| WHAT TO PRODUCE |
Return exactly the lines below, starting with the one that has "بدلة رسمية باللون الأبيض مع بابيون ذهبي" and going on through the one that has "本网讯 11月5日晚7点,2".

| DATA LISTING |
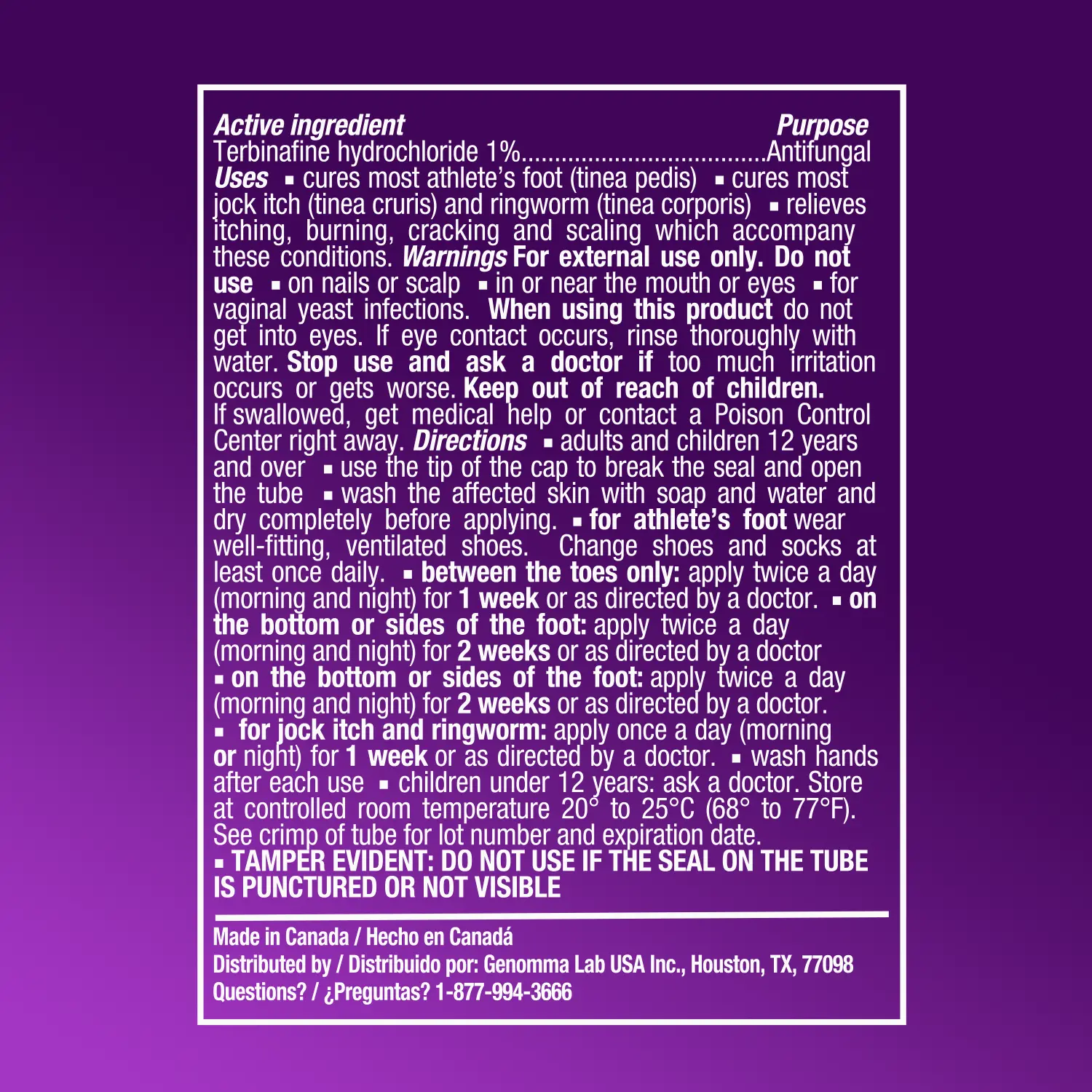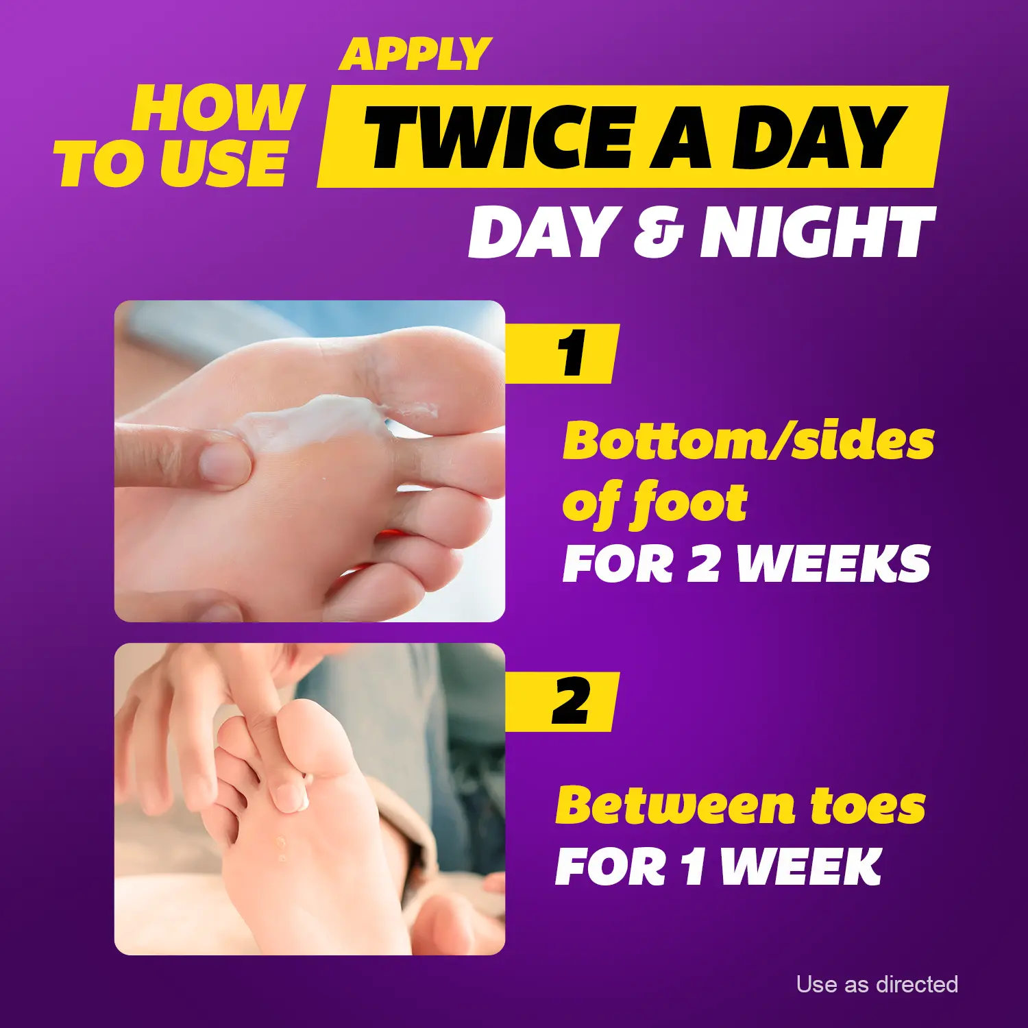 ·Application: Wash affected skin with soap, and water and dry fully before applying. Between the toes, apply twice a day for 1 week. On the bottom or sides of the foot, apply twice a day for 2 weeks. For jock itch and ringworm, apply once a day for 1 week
---
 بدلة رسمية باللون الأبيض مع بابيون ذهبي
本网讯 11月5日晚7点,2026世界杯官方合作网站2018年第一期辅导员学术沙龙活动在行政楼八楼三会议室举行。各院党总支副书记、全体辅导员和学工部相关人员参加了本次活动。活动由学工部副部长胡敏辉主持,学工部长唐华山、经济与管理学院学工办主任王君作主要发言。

| WRITTEN RESPONSE |
 بدلة رسمية باللون الأبيض مع بابيون ذهبي
本网讯 11月5日晚7点,2026世界杯官方合作网站2018年第一期辅导员学术沙龙活动在行政楼八楼三会议室举行。各院党总支副书记、全体辅导员和学工部相关人员参加了本次活动。活动由学工部副部长胡敏辉主持,学工部长唐华山、经济与管理学院学工办主任王君作主要发言。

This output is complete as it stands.